DOMINGO Ť 13 Ť MAYO Ť 2001
Alberto Dallal
La experiencia de Baras
Los que sabíamos de la experiencia Baras como un juego de intensidades nos descubrimos de pronto ante la nitidez, la finura y un marco escénico sagazmente resguardado.
De p a pa, de la a a la z, en Juana la Loca se ha cuidado el más mínimo detalle. Nada de ese estupendo desaliño, libre de reflectores, micrófonos, gasas y sutilezas que conllevan paralelamente el flamenco y la locura.
Aquí, en Juana..., la música -que va penetrando poco a poco, narrando, mejorando paulatinamente hasta llegar al virtuosismo de Taila Marín- resulta el verdadero eje o esqueleto del espectáculo. La música y una dirección escénica erudita e impecable de Luis Olmos, quien ha hecho actuar al más mínimo quiebre de muñeca, el más aguzado levantamiento de los brazos, el gesto más concentrado, las miradas significativas, la más extensa mímica -eso es siempre Juana...- amorosa de la reina, de un Felipe más bien deportivo y de los demás ejecutantes.
Nada de las intensidades de cualquier tablado o de ese flamenco llevado a los escenarios por los eruditos del género. Tras un arranque sofisticado y medido, aquí, como en el ballet, sobrevienen "momentos", secuencias, proezas del cuerpo ofrecidas como pinceladas que flotan en agua o en colores, equilibrio perfecto.

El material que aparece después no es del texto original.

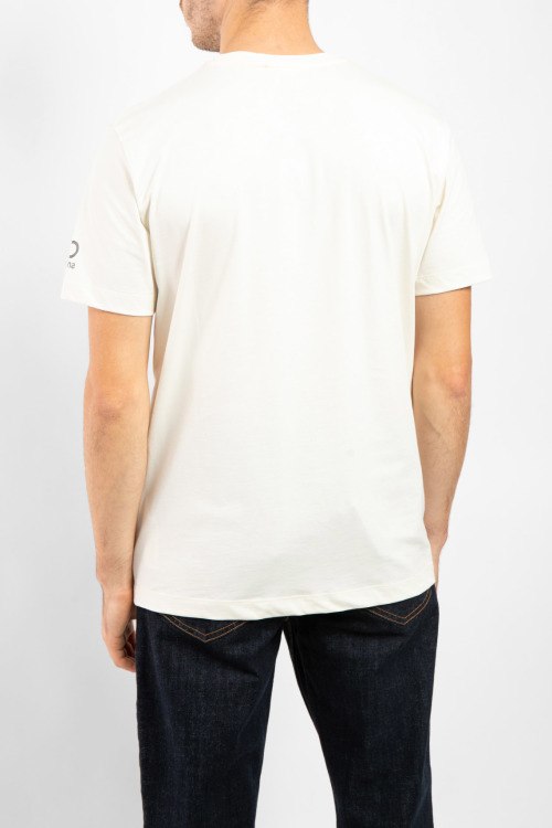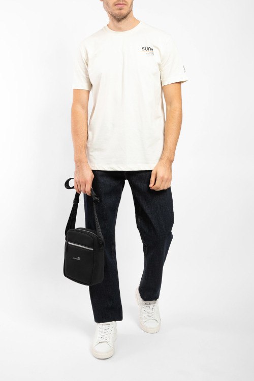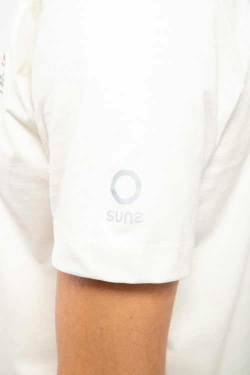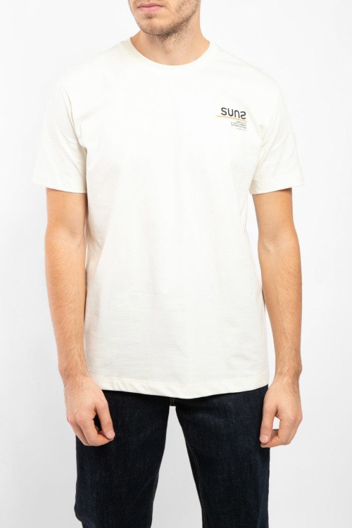Мужская футболка молочного оттенка из хлопка от Suns Boards (Санс Боадс). Круглый вырез горловины, короткие рукава брендированный принт на рукаве и на груди.
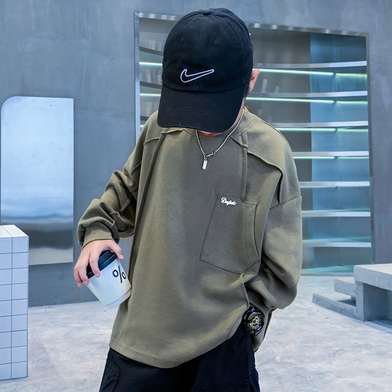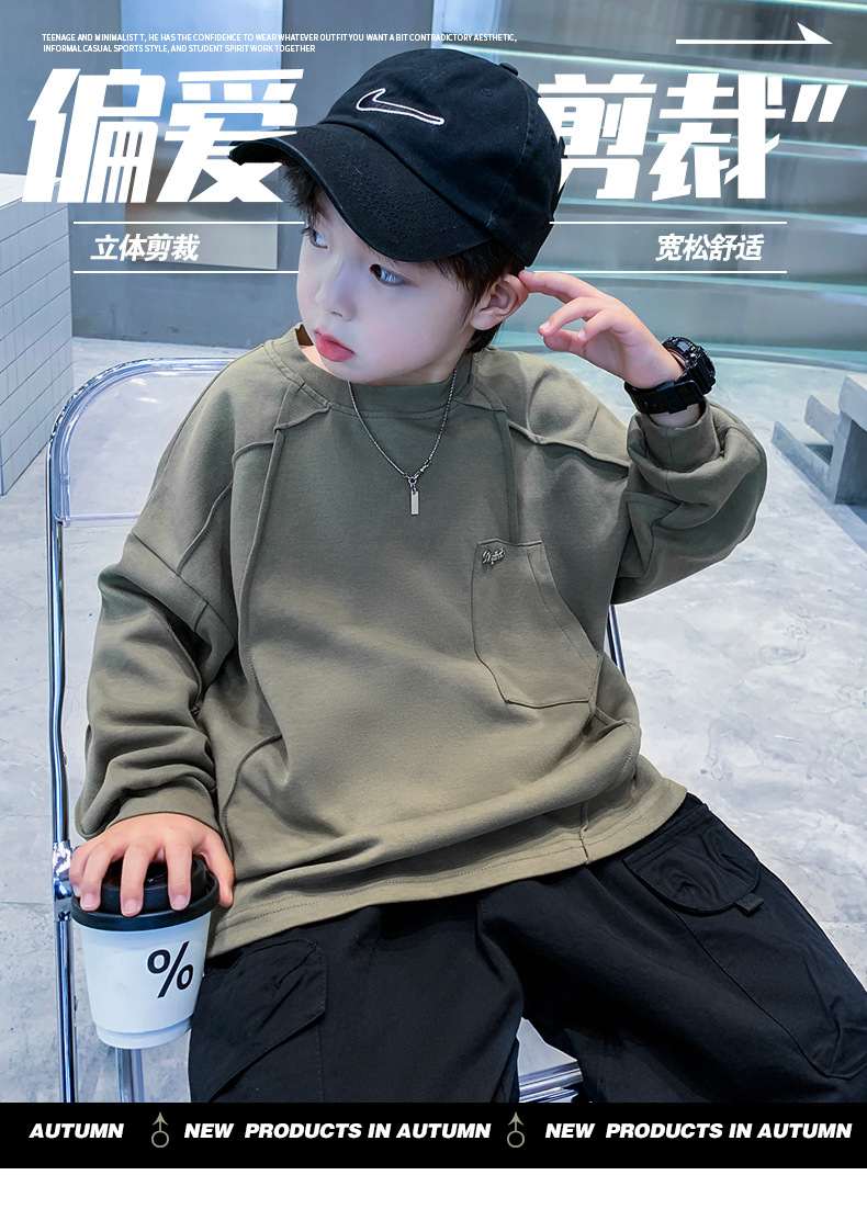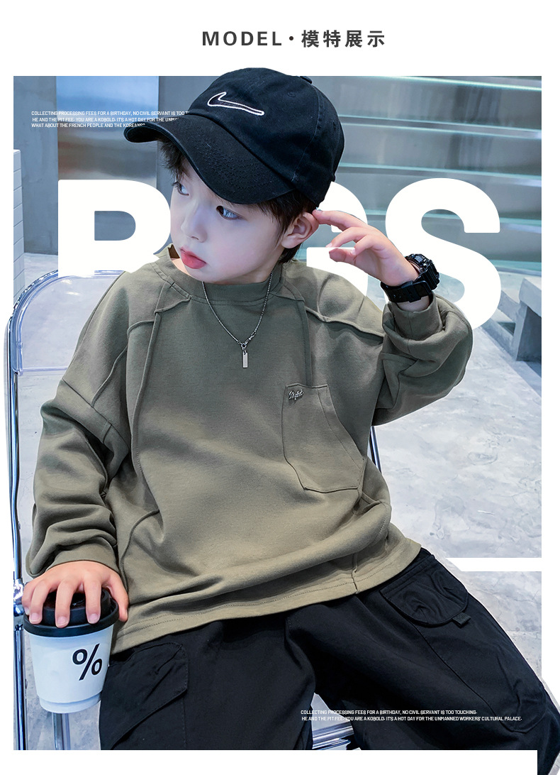 秋冬季男童加绒卫衣新大男孩个性上衣内搭长袖t恤潮范酷一件代发

El escenario es universo de formas visuales, sonidos y, de pronto, hay flotantes, más que airosas evoluciones. Los bailes de conjunto, llenos de esa vibrante exactitud del zapateado, del quiebre de espalda y de cadera, resultan siempre convergentes, en dirección de esa bellísima diva, conformada en 29 años de vida flamenca.
Muy pocos momentos, casi nunca, la seca exposición del cuerpo que va haciendo su propia música en el danzar, protestar contra la vida o exaltarla por medio de cortas secuencias de talla, de corte o tajo, que aguza el entendimiento y las sensaciones de todo espectador de flamenco original.
En efecto, todos permanecíamos a la expectativa de aquellas exclamaciones inapreciables que nos brotan ante el bailaor o la bailaora. En Juana... nos expusimos a la sencilla narración que facilita el ir de lo literal a lo simbólico, la incorporación de objetos escénicos, que va de la leyenda a la contenida exposición de una trama que, sabemos, desemboca sólo en actuación cuando desearíamos una experiencia distinta, directamente dancística.
Hasta el final, llena de aplausos, se produce una prolongación del espectáculo: la compañía agradece al público y se desnuda. Expone al fin la directa sabiduría -eso es siempre el flamenco- de José Serrano, Natalia Acosta, Fernández, Flores y otros personajes de segundos papeles más filosos, menos mímicos, un singular desbordamiento que el público reconoce y agradece. Se trata de ese desnudarse de alma y cuerpo hecho cuchillos que estuvimos esperando todo el tiempo y que sólo nos lo entregan antes de la separación definitiva.
Reconocemos a esa Sara Baras que, como parte del espectáculo, nos presenta a Concha, su hacedora; nítidas composiciones, asépticos desplazamientos frente a la orquesta y salidas como en pasarela. Así, para no perder esencia, culmina el espectáculo con una muestra del ser original, cuchillo, estrujamiento de entraña, en el que público y bailaores se hallan ante el incontinente chorro de temperamentos. En Juana la Loca, el flamenco se ha convertido en expresión globalizada y ecuménica, de ser esto posible. Este ha sido un espectáculo impecable y grato.